The distinctive flying bird artwork that graces the twin hulls of our boat is a native New Zealand song bird, but not endemic to the country. In English it is called a ‘fantail’, whilst in Māori it is called a ‘Piwakawaka’. This cute bird has a few other Māori names including tīwakawaka or piwaiwaka.

The piwakawaka fantail is a cheeky bird that is scarcely ever still and could definitely never be described as shy. They adapt to their environment easily including areas that have been altered by humans. It flits and flirts as it flies, zips and darts about hunting for tiny flying insects to dine upon. The piwakawaka fantail will often fly alongside as you walk through New Zealand native bush and it is considered a most friendly avian. Their tail comprises virtually half of their body and their famous fan shaped tail is fully on display often, the design of which allows them to quickly change direction often during flight in pursuit of insects. They have a chattery, tweeta tweet chirp that is tuneful and bright. A lovely sound as well as a delightful sight.

In Māori mythology, the exquisite piwakawaka fantail represents as a bird that brings a message of ‘change. It can be considered a majestic messenger bird as they believed the bird brought news of death from the Gods to their people. Far beyond that, the feathers of many native birds from the piwakawaka to the tui, kiwi, kereru and many others have been used in ritual ceremonies, healing practices, their feathers weaved into cloaks, and worn in the hair. The restlessness of their flight is thought to indicate that change is imminent, and new experiences will soon come forth.

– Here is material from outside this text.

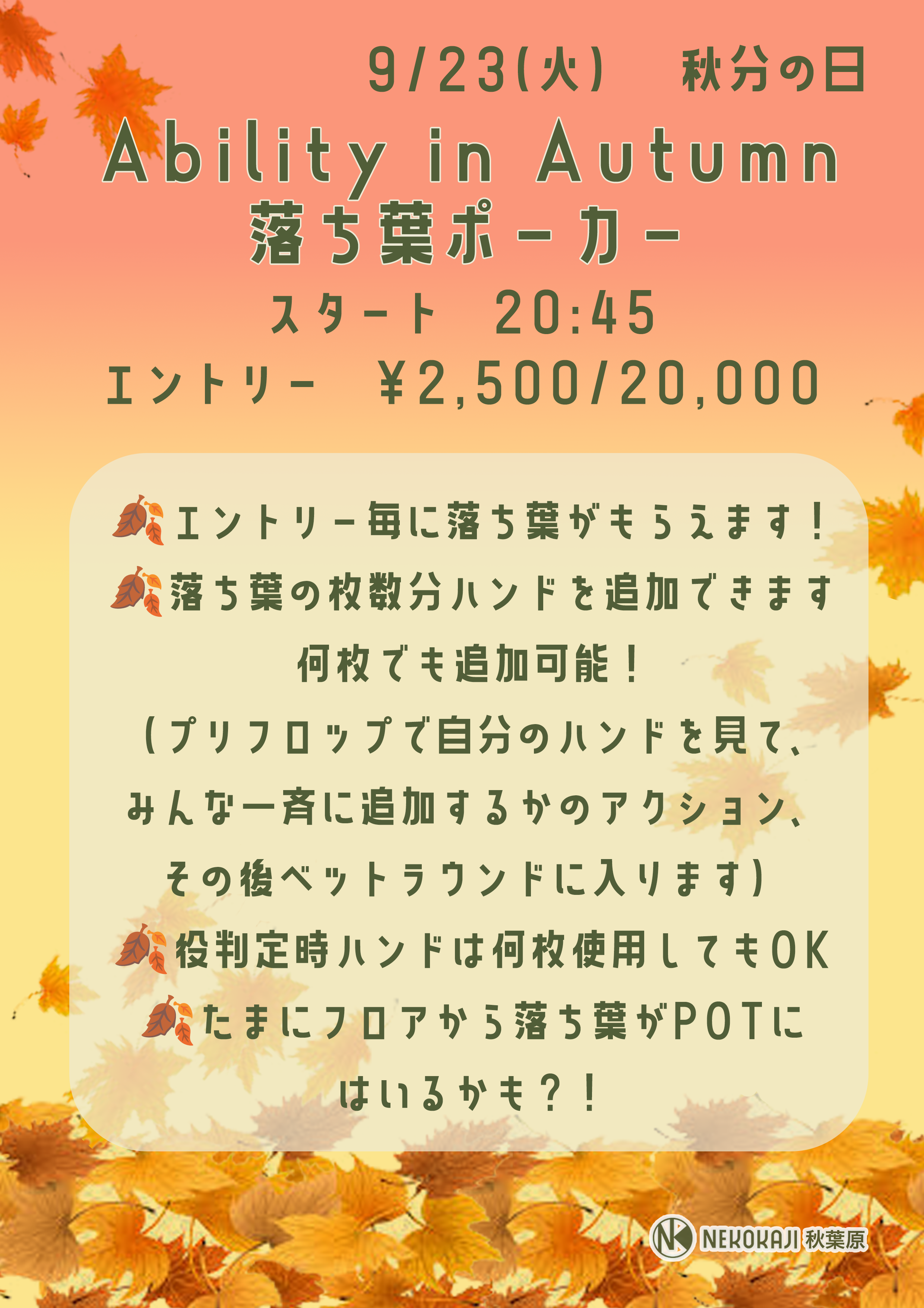 | 12/16(火) | 15:30 | 【♠︎SPADIE】Daily NLH 2K | 秋葉原カジノクエスト |

They are not dangerous in any way. Piwakawaka fantails produce and raise babies 3 times a year and are found in breeding pairs that last all year long and as they don’t live beyond 3 years of age, it is considered that they partner for life. One of the most beautiful things about this bird is that besides being found in forests and bush, they are also found in urban areas and gardens – including our non-floating urban city home in Auckland., so it is easy to find them tweeta tweeta tweeta-ing almost anywhere. And as a note of interest, the artwork on Waiata’s hull that shows the piwakawaka fantail was created and drawn by our Captain Greg.